Every month students are leaving their private schools

Private schools are recording losses, and approximately 4,000 students have left them due to the inability of their parents to pay tuition. At the same time teachers in private schools have seen their wages reduced up to 40% since last month, as the owners are threatening to shut down schools. The crisis, however, brought back the "notebook calculators" even in private schools, as many parents seek additional time from schooladministrations to pay tuition. There are quite a few parents who seek the reduction of fees in order to be consistent and not take their children away from the schools. 

However, the education ministry seems determined to make changes in private education with a bill it is preparing by studying the possibility to give private owners the ability to proceed as they wish with the programs of Foreign Languages ​​and Informatics, regardless of the program in public schools. The deputy minister of education, Evi Christophilopoulou, is likely to choose this solution for private schools, as it favors the recruitment of teachers. Deputy education minister Konstantinos Arvanitopoulos met with a delegation of the Association of Founders of Greek Private Schools. Among other things, they discussed the issue of the new payroll. 

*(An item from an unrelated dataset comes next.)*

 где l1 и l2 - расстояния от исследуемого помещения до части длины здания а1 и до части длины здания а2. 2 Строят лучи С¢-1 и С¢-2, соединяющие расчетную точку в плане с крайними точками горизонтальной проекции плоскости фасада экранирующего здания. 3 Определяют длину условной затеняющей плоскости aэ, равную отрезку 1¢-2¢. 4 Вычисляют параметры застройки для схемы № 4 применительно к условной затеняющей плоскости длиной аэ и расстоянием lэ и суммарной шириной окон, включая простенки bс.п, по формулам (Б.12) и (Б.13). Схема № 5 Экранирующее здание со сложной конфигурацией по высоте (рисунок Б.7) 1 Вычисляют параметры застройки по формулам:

According to the Association, the reduction in the registrations of students came to an average of 5%, with the larger percentages occurring in the lyceum ranks. Letters arrive daily at the ministry of education from private schools that are unable to continue and are threatening to lock down if they don’t proceed to salary reductions. 

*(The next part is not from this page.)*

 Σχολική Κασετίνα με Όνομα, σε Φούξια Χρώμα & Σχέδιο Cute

On the other hand, and according to the president of private teachers Michalis Kouroutos, teachers indicate that their salaries should not be equated to the wages of civil servants, considering the cuts as illegal. As Kouroutos says, wages in private education increased by 1% -3% from 2004 to 2010, in line with the increases of public servants. 

In contrast, tuition at private schools has increased from 40% to 150%, after being deregulated by Sioufas’ law, while tuition has remained the same in the last two years, by decision of the department of commerce. "Not all schools are moving at the same speed, as there are schools that keep their students, while others are counting losses." 

The chairman of the Association of Founders of Greek Private Schools, Thanasis Zahopoulos, notes that many private schools did not implement the public education reduction but were limited to a 10% cut, in cases where schools do not have a problem. According to reports, 220 ​​private schools are operating throughout the country this year. 

Middle-class parents, even businessmen who are not doing so well, are unable to send their children to private schools. So far, 6 private primary and secondary schools across the country have shut down. In order to save about 800 euros, several parents cut the expense of the school bus by driving their kids to school themselves.